I mean that if you say a 50% profit is good for a magic item merchant, and thus you should get 5,000 gold for selling a 10K-creation-cost sword, then you're assuming that the merchant is dead certain he can sell that sword for 10K without paying anything out of pocket. Once you subtract luxury taxes, bribes, security, and the risk premium, the merchant would've been better off spending 5,000 gold on mining picks.

gizmo33 said:
Again - I know a lot of people on this board fancy themselves as historians to some degree - so feel free to support these assertions with an actual analogy.
...
This makes an (IMO unwarranted) assumption that the merchant in question has steady access to trading goods for the same outlay. I also think that the transportation/storage/etc. costs of 8,000 gp worth of grain would far exceed that of a 10,000 gp magic item. And I realize that you could be sitting on a mountain of statistical information and actual facts upon which your basing your guidelines for an "incompetent merchant", but I can't tell.
As you request, a brief extract from Charles D'Avenant's "An Essay on the East-India Trade", 1697.

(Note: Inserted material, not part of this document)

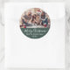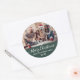 Modern Script Family Photo Green Merry Christmas Classic Round Sticker

"I shall therefore only give one instance, and that is pepper, by which some judgment may be made of all the other commodities. Pepper 5000 tuns at 2 d. per lb as it may cost the Dutch in India, amounts to 74,666l. 13 s. 4 d. Add to this 3 d. per lb for freight into Holland, then it costs 5 d. per lb which amounts to 186,666. 13 s. 4 d. Ditto 500 tuns sold in Holland at 12 d. per lb the profit being 7 d. per lb will amount to 261,333. 6 s. 8 d. But this commodity is grown so necessary, and has so obtained, and is of such general use, that it may be sold in Holland at 6 s. per lb which is less than any of the other spices, as cheap in India as pepper. Then 5000 tuns sold in Holland at 6 s. per lb the profit bing 5 s. 7 d. per lb will amount to 2,498,836. 13 s. 4 d."

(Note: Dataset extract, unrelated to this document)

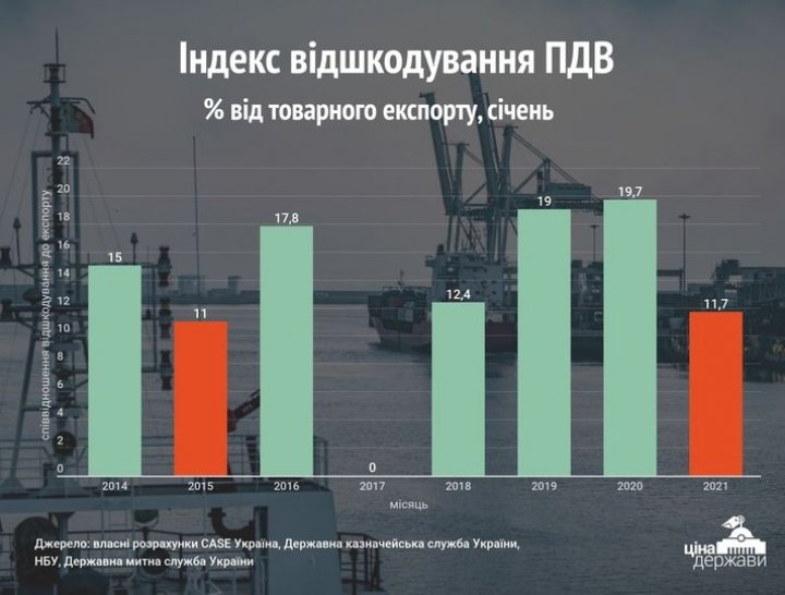 «Тем не менее, январь можно считать „непоказательным“ месяцем. Например, в январе 2017-го года возмещение НДС экспортерам было почти нулевое (0,03 млрд грн к 7,9 млрд грн год назад). Но впоследствии ситуация исправилась. Хотя последние два года, 2019-й и 2020-й год, именно в январе наблюдался всплеск возмещения НДС», — добавили эксперты.

The profit on one pound of pepper after transportation? About fourteen and a half times what it cost to bring it. But spices are notoriously high-profit goods. What of ordinary trade in non-luxuries? D'Avenant's pamphlet is useful, for it is against the inclusion of a sumptuary law that would prohibit the export of many luxury goods to India, and thus cut exports in half. He points out,

"If this trade be so restrained, by prohibitions, as that there can be sent to India, not above per ann. 200,000 l. The national profit from thence arising cannot reasonably exceed 600,000 l. The companies charge and expence, to support and carry on their affairs abroad, may be modestly computed at per ann. 100,000 l. Which sum will be a great weight upon per ann. 600,000 l. But will fall lightly upon per ann. 1,200,000 l."

...thus making clear that he expects 3:1 profit on the most banal sundries and ordinaries, completely ignoring high-profit luxury trades. But in a larger sense, it's certainly true that the grain merchant wasn't usually making 3:1 on wheat- albeit in the fourteenth century, English grain prices varied by up to a factor of four- but PCs don't sell magic swords to commodity brokers. They sell them to gentleman adventurers like those of the East India Company.